Flames sparked from dozens of trunks as the two scout vehicles opened fire into the woods with explosive shells from their turret-mounted automatic cannon.
She could no longer see Third Squad, which had gone to ground.
“I’m goin’ to check on Third Squad!” Stephie shouted over the platoon net.
“Stay where you are!” John ordered, but Stephie was already up and running. “Stephie!” he shouted as she headed toward the blistering swath of fire. Pops of flame randomly blasted tree trunks and limbs. She dropped to the ground just ahead of raking fire from a 25 mm cannon, whose glancing blows off trees showered her with stinging splinters.
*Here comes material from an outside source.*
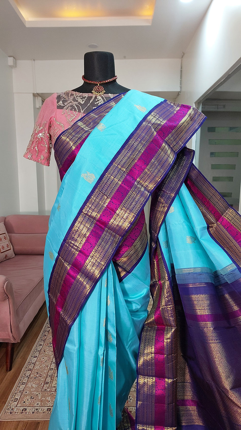 'Rangoli' Purple and Blue half and half Kanchipuram handloom

But the whooshof American antitank missiles and solid thumps of shaped charges ended the rain of cannon fire.
She scampered forward through the trees, stooped and low until she saw — on either side of the smoking hulks — a dozen assault rifles blazing straight toward her. Bullets snapped through brush, creased bark, and zipped by her head as she flattened herself onto the ground. The Chinese armored cavalrymen had dismounted before their rides had been hit. They were well led — leapfrogging by fire and maneuver — on a headlong charge into the woods.